The island city-state has its own dedicated island resort. A 1,236-acre isle off the southern coast, Sentosa is home to major tourist attractions like Universal Studios Singapore and the S.E.A. Aquarium. Also located within the massive playground of Resorts World Sentosa is Luxury Fashion Galleria for the that goes hand-in-hand with a trip abroad. Singaporeans and international travellers also flock to Sentosa to hang out on the beaches, zip line at Mega Adventure Park, and much more. Golfing enthusiasts will not leave disappointed, as the Sentosa Golf Club features two challenging courses to help while away their time. All in all, this mini island has been intelligently designed specifically to appeal to a broad range of folk – except, perhaps, those seeking a more off-the-beaten-path destination.
Taking to the paths of the Singapore Zoo may not be everyone’s cup of tea, but it is home to 315 different species of animals, of which roughly 16 percent are considered endangered.
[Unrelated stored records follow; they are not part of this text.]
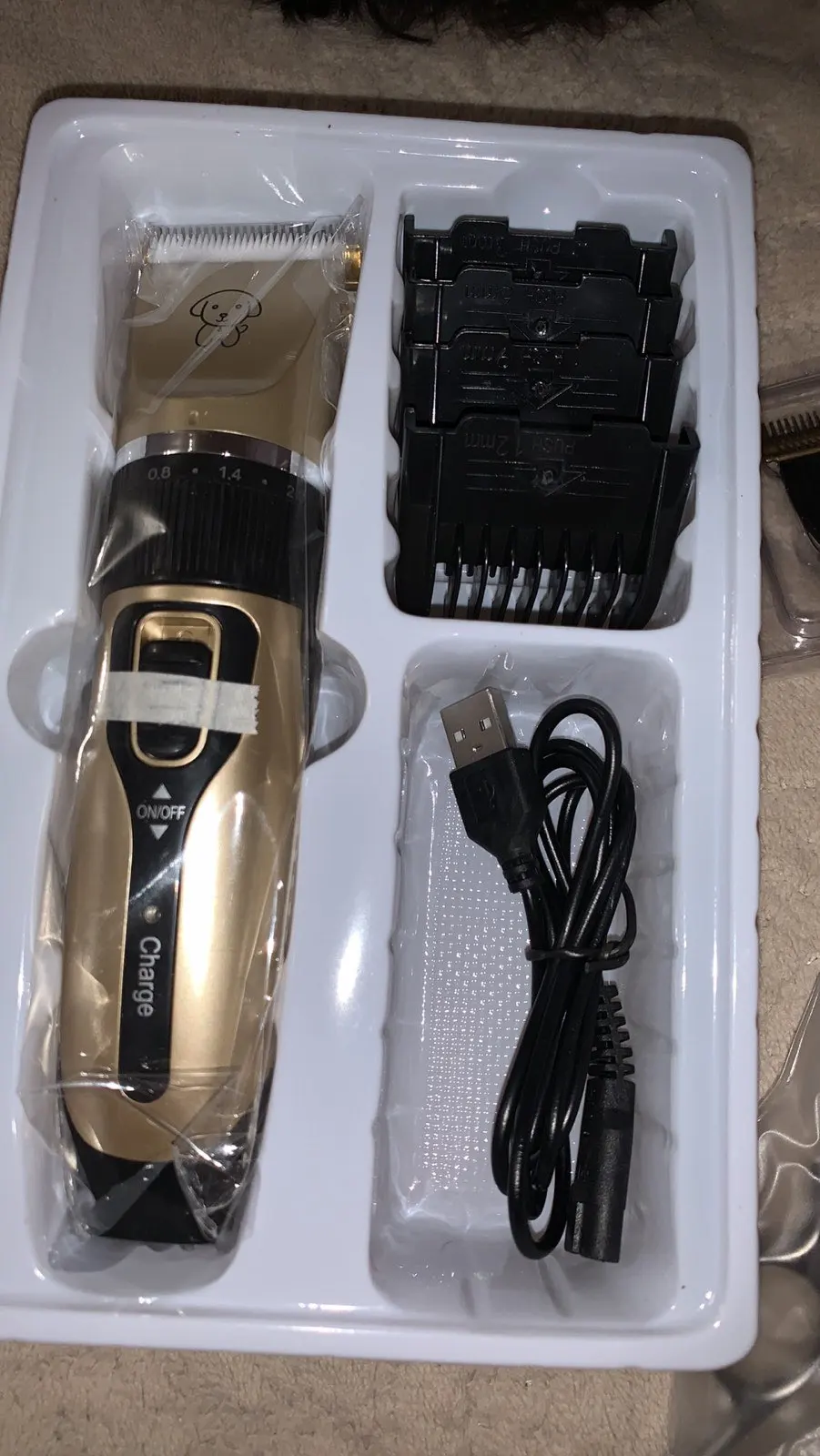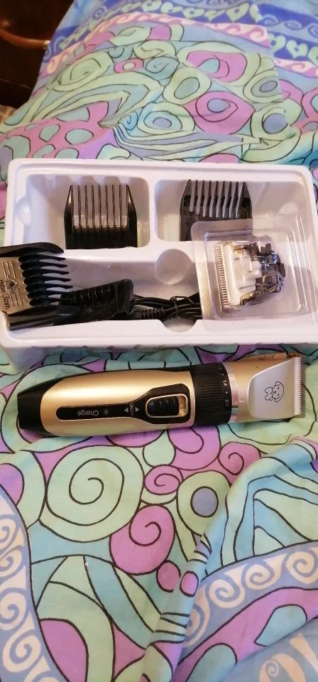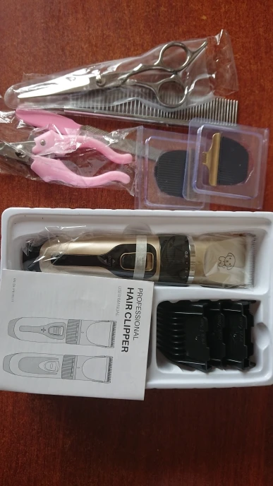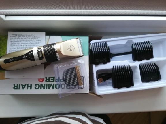 Супербыстрая доставка, всего за четыре дня в Ростовскую область курьером. Машинка пришла в полном комплекте, как и заказывал. Заряженная на 100%. Работает тихо, моя старая машинка для стрижки людей более громкая. Собаку пока не стригли, пусть привыкнет к звуку. Зато жена подстригла меня, на удивление получилась прекрасная стрижка. Думаю что и пёсика пострижет без проблем. Позже постригу его и дополню отзыв. Если вы ещё раздумываете, покупать или нет, однозначно советую - берите.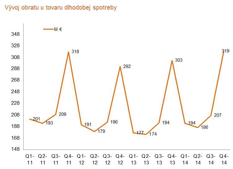 Pozitívny vývoj trhu s veľkými domácimi spotrebičmi na Slovensku naďalej pokračoval aj vo štvrtom kvartáli roku 2014. K medziročnému nárastu 16,5 % prispeli všetky produktové skupiny, pričom najdynamickejší vývoj bol zaznamenaný u sušičiek, práčok, chladničiek a mrazničiek. Trh rástol predovšetkým vďaka výraznejšie pozitívnejšiemu vývoju internetu oproti tradičnému predaju.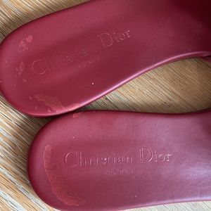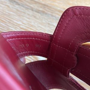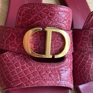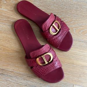These are extremely rare in this color and the alligator leather. I think it is alligator but I’m not sure. Great condition, the uppers/straps look almost perfect. There are minor scuffs on footbed and toe area as shown in photos. Color is kind of a red burgundy wine with slight pink tone. Gold CD logo hardware.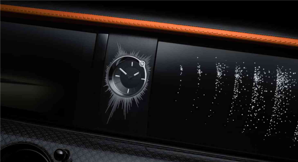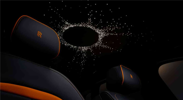 座椅方面,橙色皮革叠放于黑色皮革之下,并由超20万个独立打孔工艺塑造出星空的效果。Bespoke高级定制部门采用参数化设计工具开发出专属的独特打孔图案,并历经七次反复试验迭代及手工调整,最终呈现出来。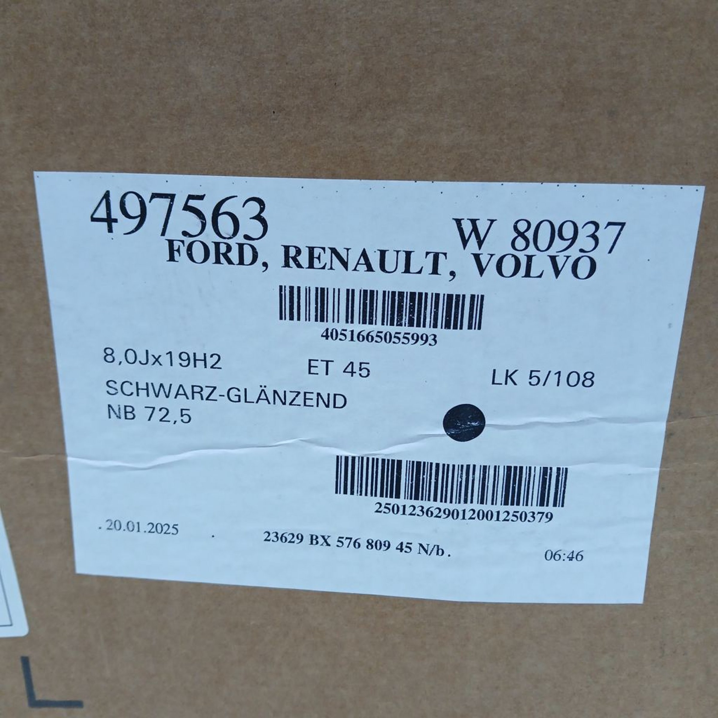 20.01.2025. 8,0Jx19H2, LK 5/108, NB 72,5, schwarz-glänzend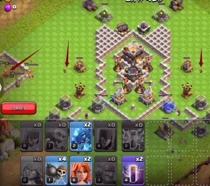 1、首先在资源罐的中间放两个超级弓箭手,随后在*下面放两个哥布林,两个女王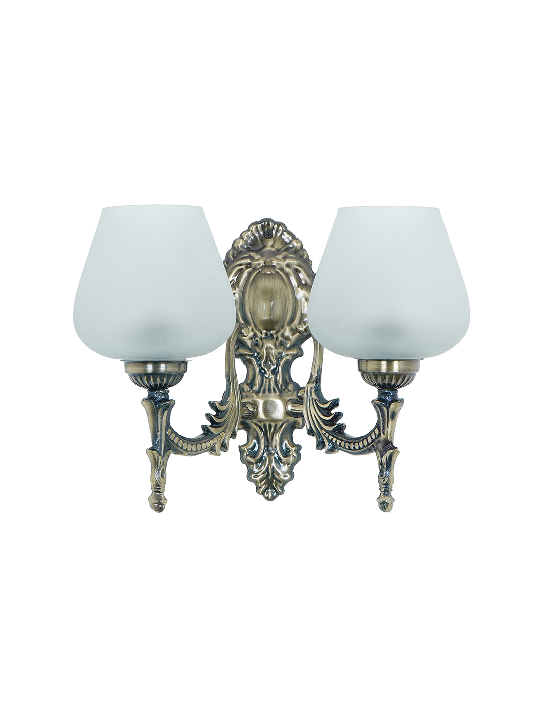 This wall lamp brings along a classic aura and a sturdy & robust hand-carved mild steel base in an antique brass finish. It has ornamental arms, bobeches, and two lights covered with plain frosted goblet glass shades that serve as a great source of illumination throughout the area and level up the decency threshold of any traditional decor-style home.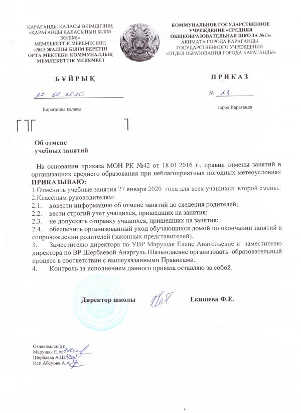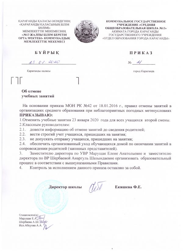 Отдел образования г.Караганды сообщает: 23 января 2020 года в связи с неблагоприятными погодными условиями занятия отменяются во ВСЕХ КЛАССАХ ВТОРОЙ СМЕНЫ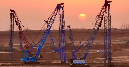 在項目現場,一幅熱火朝天的施工景象展現在眼前。工程機械轟鳴不斷,運輸車來回穿梭裝卸土方,工人們揮汗如雨,全力以赴推進工程進度。為了搶抓工期,百余臺挖掘機、內運車、推土機、壓路機等大型設備24小時不間斷作業(yè),施工通宵達旦,以確保項目能夠如期交付。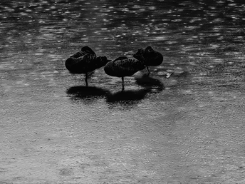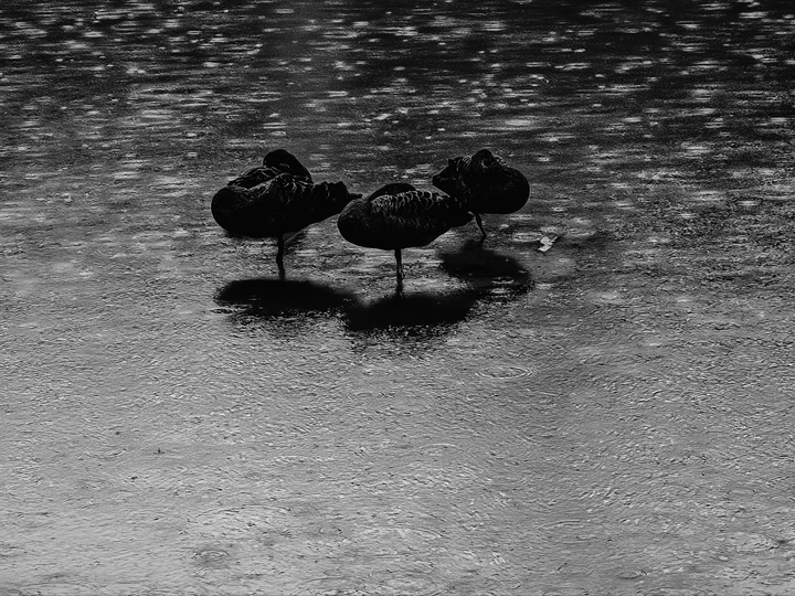 漫步湖边,恰逢细雨如丝。湖面上,几只黑天鹅宛如优雅的精灵,在雨中寻得一方宁静角落悠然憩息。 细密的雨丝轻洒,在水面晕开层层涟漪,却丝毫未扰黑天鹅的安宁。它们单腿伫立,身姿挺拔,乌黑发亮的羽毛在雨中更显深邃神秘,颈优雅弯曲,头部微微低垂,似在沉思,又似在享受这份独属于雨中的静谧。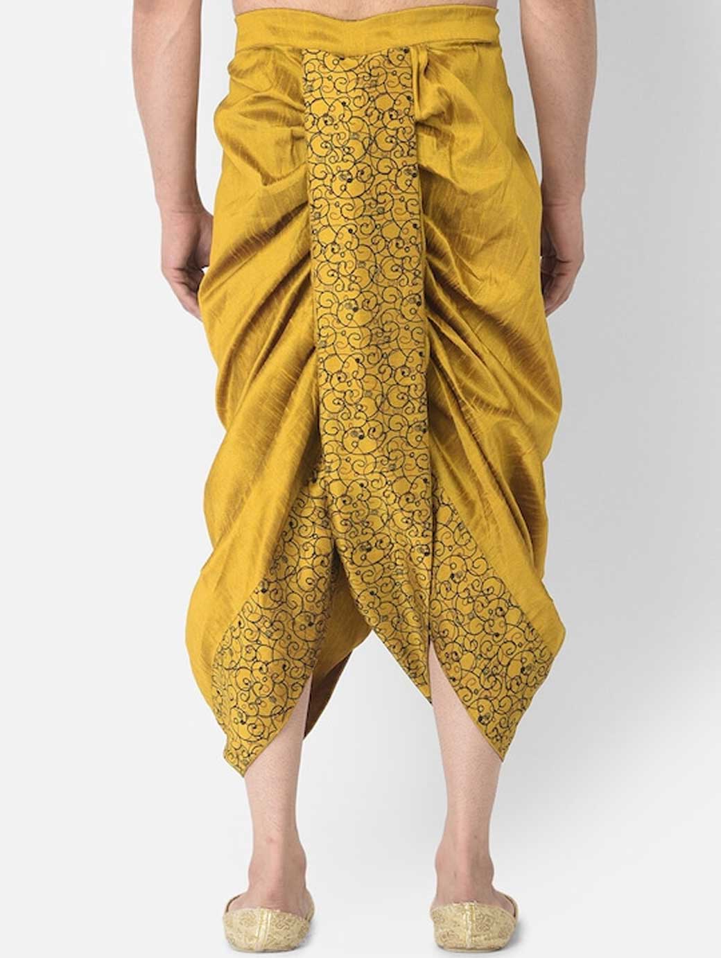 Men Yellow & Black Printed Dupion Silk Dhoti Pants

Built in 1973 and renowned for its ‘open captivity’ design, residents here roam large enclosures dotted with moats, water features and unobtrusive barriers. The formula has clearly found success, with the zoo drawing more than two million visitors each year, who can choose to board trams, boats and even horse-drawn carriages to explore the 69-acre enclosure.
On the Ridge
If you really want to stretch your legs, then head to the Southern Ridges, a 6.2-mile recreational trail that connects five parks along Singapore’s southern rim – Mount Faber Park, Telok Blangah Hill, Hort Park, Kent Ridge Park, and Labrador Nature Reserve. An architectural feat, the walkway wends its way through jungle-like canopies of trees and within plain sight of unusual flora and fauna. Even if you don’t manage to traverse the entire length, make sure you drop by Henderson Waves, a timber deck perched some 256ft in the air. It’s the highest pedestrian bridge in the city and, unsurprisingly, a favourite photo-op for snazzy snappers.